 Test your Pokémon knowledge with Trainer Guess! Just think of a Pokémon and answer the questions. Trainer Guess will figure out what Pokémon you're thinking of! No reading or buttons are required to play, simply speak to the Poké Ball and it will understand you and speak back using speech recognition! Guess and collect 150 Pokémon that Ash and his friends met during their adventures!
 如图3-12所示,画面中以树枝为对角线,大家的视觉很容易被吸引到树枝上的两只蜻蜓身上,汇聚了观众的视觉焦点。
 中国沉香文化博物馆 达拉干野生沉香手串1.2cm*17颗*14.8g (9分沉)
==========
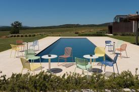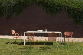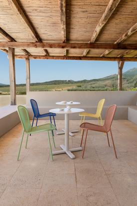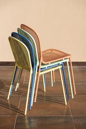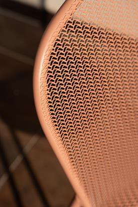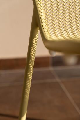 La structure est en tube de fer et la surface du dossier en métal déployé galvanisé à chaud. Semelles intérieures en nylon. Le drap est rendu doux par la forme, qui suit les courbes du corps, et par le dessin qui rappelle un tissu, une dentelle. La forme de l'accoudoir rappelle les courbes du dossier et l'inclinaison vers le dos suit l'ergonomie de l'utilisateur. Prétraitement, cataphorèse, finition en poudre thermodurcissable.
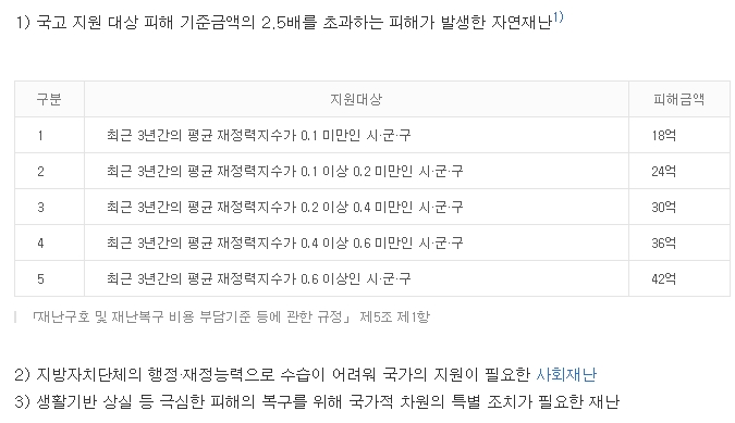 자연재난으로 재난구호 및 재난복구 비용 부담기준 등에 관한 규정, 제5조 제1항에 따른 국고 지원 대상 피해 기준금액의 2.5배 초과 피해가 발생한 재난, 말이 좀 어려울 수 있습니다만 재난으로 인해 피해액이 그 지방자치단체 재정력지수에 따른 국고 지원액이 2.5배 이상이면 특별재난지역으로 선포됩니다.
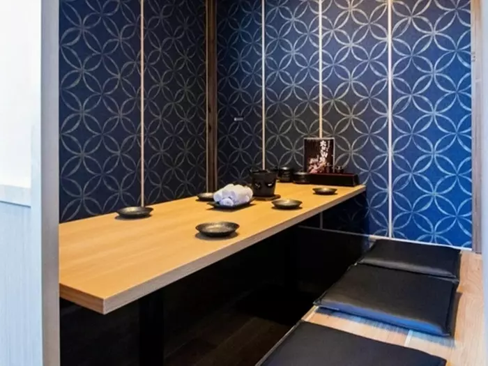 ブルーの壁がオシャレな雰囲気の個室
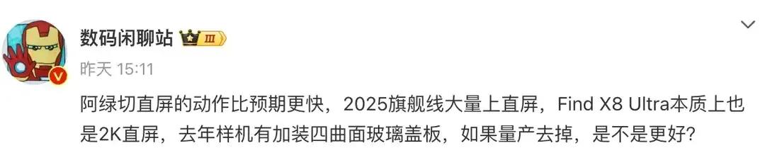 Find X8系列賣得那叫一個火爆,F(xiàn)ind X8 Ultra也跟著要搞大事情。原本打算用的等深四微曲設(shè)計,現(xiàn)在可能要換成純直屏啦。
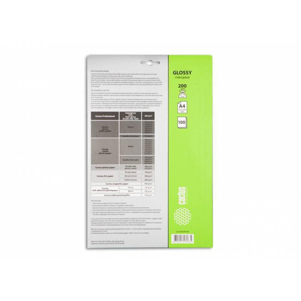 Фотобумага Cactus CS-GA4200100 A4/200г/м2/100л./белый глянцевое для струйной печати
==========
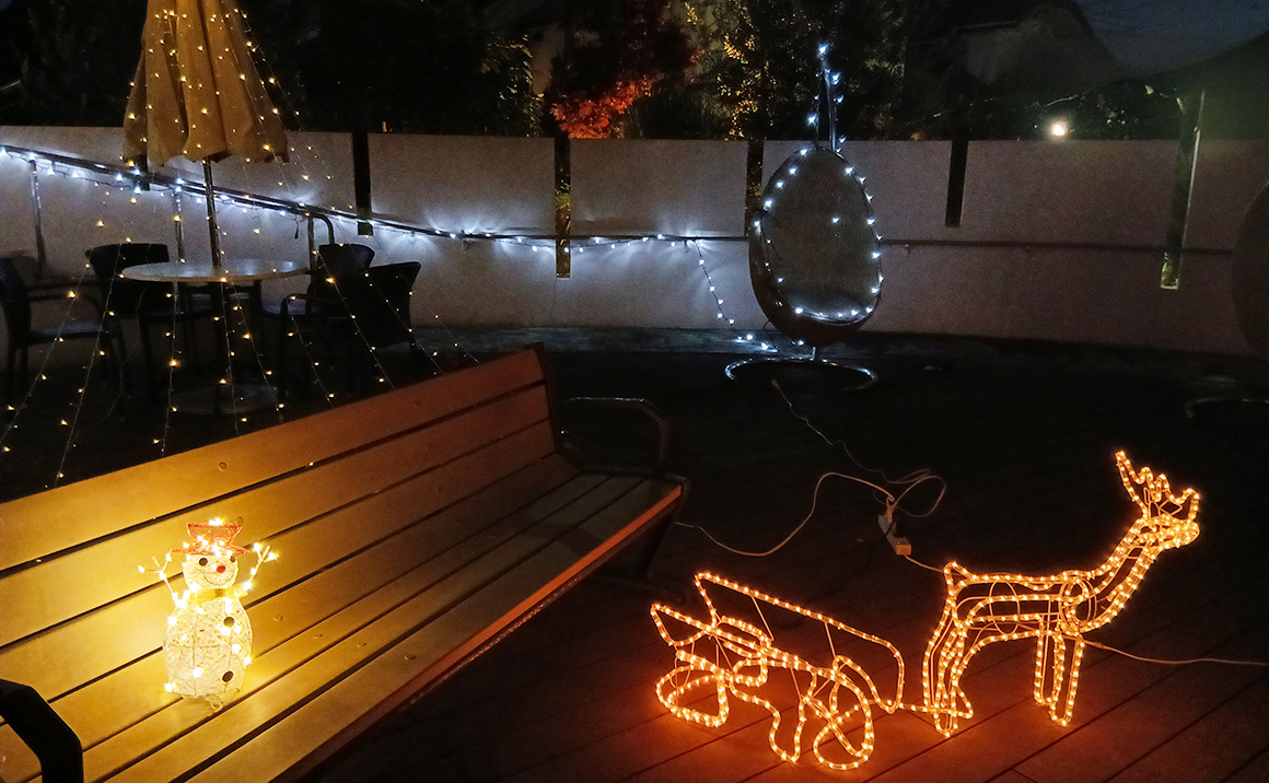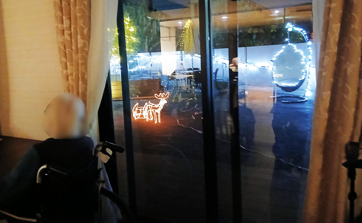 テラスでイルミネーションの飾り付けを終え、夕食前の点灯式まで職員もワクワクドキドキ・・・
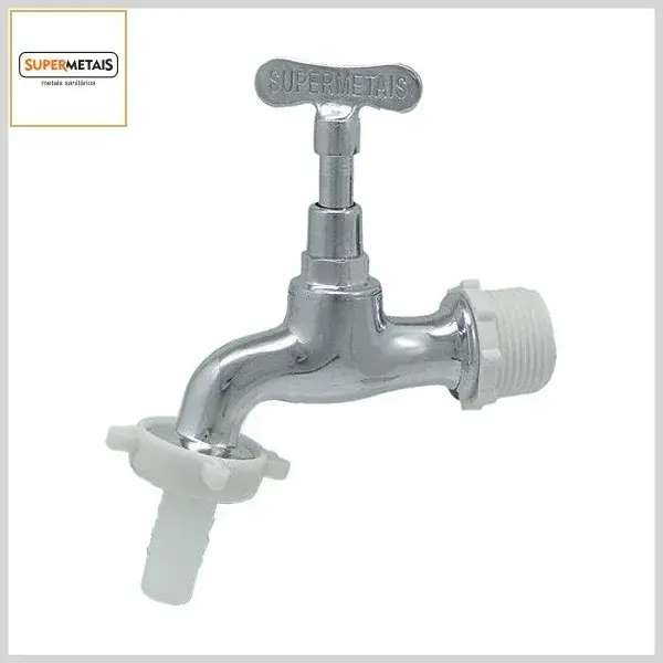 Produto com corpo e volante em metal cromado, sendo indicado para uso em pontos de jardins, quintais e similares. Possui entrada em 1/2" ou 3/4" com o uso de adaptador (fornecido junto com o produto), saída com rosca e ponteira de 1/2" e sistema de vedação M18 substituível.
==========
Going back over the entries above, copy word for word every line from the one that has "如图3-12所示,画面中以树" on through the one that has "中国沉香文化博物馆 达拉干野生沉香手串1.2cm*17颗*14.8g (9分沉)".

 如图3-12所示,画面中以树枝为对角线,大家的视觉很容易被吸引到树枝上的两只蜻蜓身上,汇聚了观众的视觉焦点。
 中国沉香文化博物馆 达拉干野生沉香手串1.2cm*17颗*14.8g (9分沉)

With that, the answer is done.